Voto por hogar: el modelo que propone reemplazar el sufragio individual
La propuesta, impulsada por sectores asistentes al foro, plantea que el sufragio no sea un derecho personal sino que corresponda al grupo familiar, de modo que sea el esposo quien emita el voto en representación de su cónyuge e hijos. Según esta visión, el matrimonio constituye una unidad indisoluble que no requiere de una doble expresión política en las urnas. Bajo ese esquema, el hombre ejercería como jefe y representante político del hogar.
En el caso de las mujeres solteras, algunas defensoras de la iniciativa han sugerido que podrían ser representadas por su padre, un hermano u otro familiar varón, replicando así estructuras de tutela masculina.
El evento, liderado por Erika Kirk, actual directora ejecutiva de Turning Point USA, promovió una visión de la feminidad anclada en la fe cristiana, el matrimonio y la maternidad, al tiempo que cuestionó duramente al feminismo moderno, al que varias asistentes señalaron como responsable del debilitamiento de la familia y de fomentar una competencia estéril entre hombres y mujeres.
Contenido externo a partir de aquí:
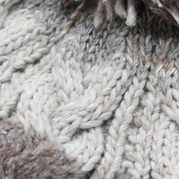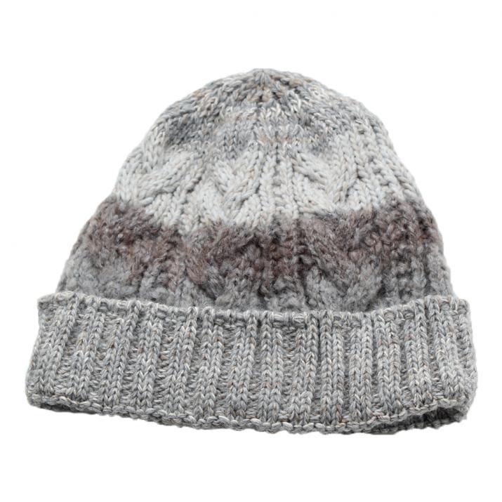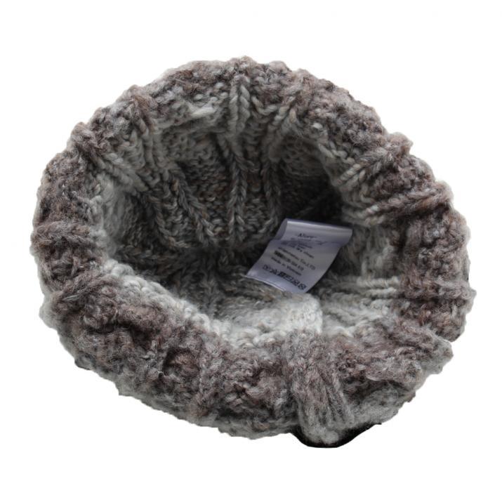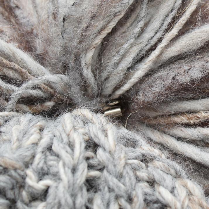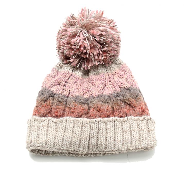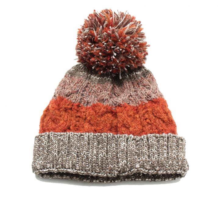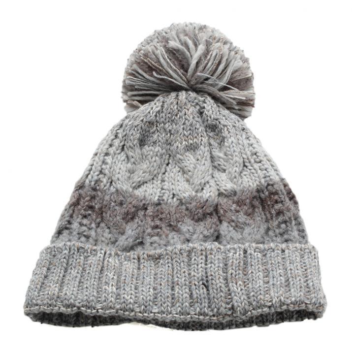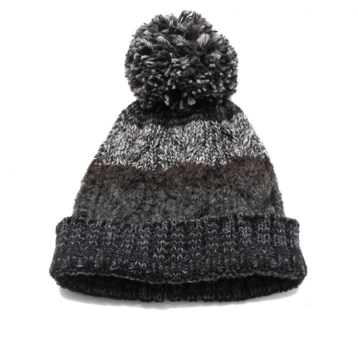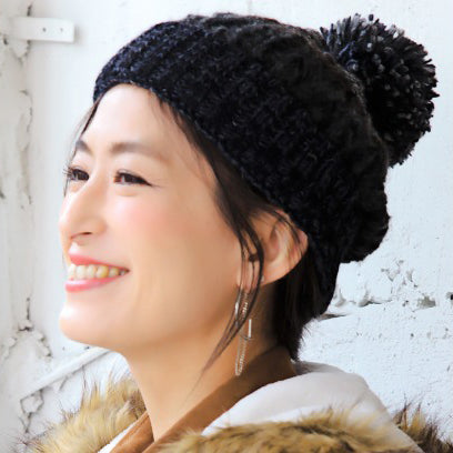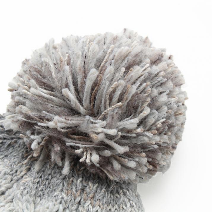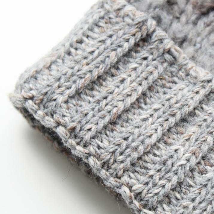 ふわふわニットのボリューム感にトップのボンボンが存在感抜群の秋冬ニット帽です。素材にはウールやアクリルを使い、冬へ向けての保温性も確保。色や太さの異なる毛糸を編みこんでデザインされた模様は柄物よりもさり気なく、無地のミックスカラーニットよりもお洒落な雰囲気です。ボンボンは取り外しも可能。シンプルにもキュートにも、使って頂けるニットです。

El derecho al voto femenino sigue intacto en la Constitución
Pese al impacto mediático de estas declaraciones, la legislación estadounidense no ha sufrido modificación alguna al respecto. El sufragio femenino permanece plenamente vigente y se encuentra protegido por la Decimonovena Enmienda de la Constitución, ratificada en 1920, que prohíbe al Gobierno federal y a los estados restringir el derecho al voto por razón de sexo.
De este modo, las posturas expresadas en la cumbre de San Antonio corresponden a posiciones ideológicas de grupos conservadores y no constituyen una iniciativa legislativa formal para derogar el voto de las mujeres, cuyo ejercicio sigue siendo un pilar del sistema democrático estadounidense.